Caesar ran swiftly, keeping close to the windowless wall of what appeared to be an immense warehouse. A glance to the rear showed him the headlights of the pursuit vehicle spilling through the night mist from the tunnel mouth, but the vehicle didn’t appear.

The intensity of the lights began to diminish. The vehicle was abandoning a pursuit that the darkness and the night would make virtually futile. But Caesar knew that, having been seen in the harbor area, he dared not remain in it for long. Also, Armando would probably not risk returning to the tunnels at their busy time—if he ever returned at all. Caesar decided to escape the area as quickly as he could. He stopped under the warehouse wall, trying to recall what Armando had said about ape shipments being unloaded at night. He didn’t care for the idea of trying to lose himself in one of those shipments, but he supposed it was a better alternative than attempting to hide in an unfamiliar city, constantly exposed to the danger of capture.

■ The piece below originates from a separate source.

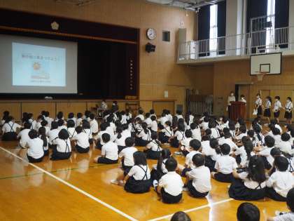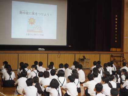 今朝の児童朝会では、保健委員会が「熱中症に気をつけよう」と全校のみんなに呼びかけました。どのようなことに気をつければよいのか、マスクを外さなければならない場面など、具体的な話をしっかりと聞くことができました。

Now his vision had adjusted to the misty darkness. Further up the pier, he detected two winking spots of reddish light. Silently, he moved in that direction. He picked up sounds: men’s voices, power winches, clanking chains. Perhaps after all the bad luck of the recent hours, he was in for something better—because the looming outline that gradually revealed itself to him was the massive curved stem of a huge freighter tied up to the pier.

Running lights picked out the sleek vessel’s identification—S. S. Pacifica, Atomic General Lines, Inc.

Other pale yellow lights gleamed high up along the ship’s superstructure. But what interested Caesar most was the pair of blinking red dots on the pier itself. He crept toward them, careful to place his weight with each step so as not to make an unnecessary sound with his heavy boots!

From a vantage point of about ten yards, he saw that the flashing lights were part of the rear bumper of an open-bed van parked near the freighter’s hull. He kept watching, detecting men and activity on the ship, but there was no sign of the van driver. Puzzling. The van’s rear gate was open. The driver might well be inside the streamlined cab. There was no way to tell. But with luck, the van might depart shortly. Whatever its destination, it was better than the pier. Someone back in the tunnels might report a runaway ape, and institute an organized search.

Caesar reached down and tugged off his boots, leaving them in the dark beside the warehouse wall. The pier concrete was damp against the bottom of his feet, but now he was able to move with his natural silence. He closed the distance to the van’s open bed in seconds.

Up on the ship, he saw figures passing along the rail; they were little more than blurs against the background of the misted superstructure. So far as he could tell, none of the men was looking toward the truck.

His body limned briefly by the intermittent glow of the flashing red lights, Caesar slipped forward without a sound, squatted down in the corner between side wall and rear cab partition. But his sense of security lasted no more than a few moments.

Chains rattled. A voice bawled through the fog, “Okay—lower away!”

Caesar snapped his head up, eyes flying wide in alarm. A massive boom was swinging out from the freighter’s deck. A chain hung from the boom, and at the end of the chain, a glinting steel power-claw held a black rectangle which began to descend toward the truck bed with alarming speed.

As the chain paid out, Caesar understood the nature of the rectangle. It was the bottom of a crate, coming straight down on top of him!

Wild gibbers and grunts keened up into shrill squeals as the crate began to sway. Caged apes!

Caesar’s instincts warned him that he had already waited too long—the massive cage would just barely fit into the bed of the van. If he didn’t leave instantly, he could be crushed to death . . .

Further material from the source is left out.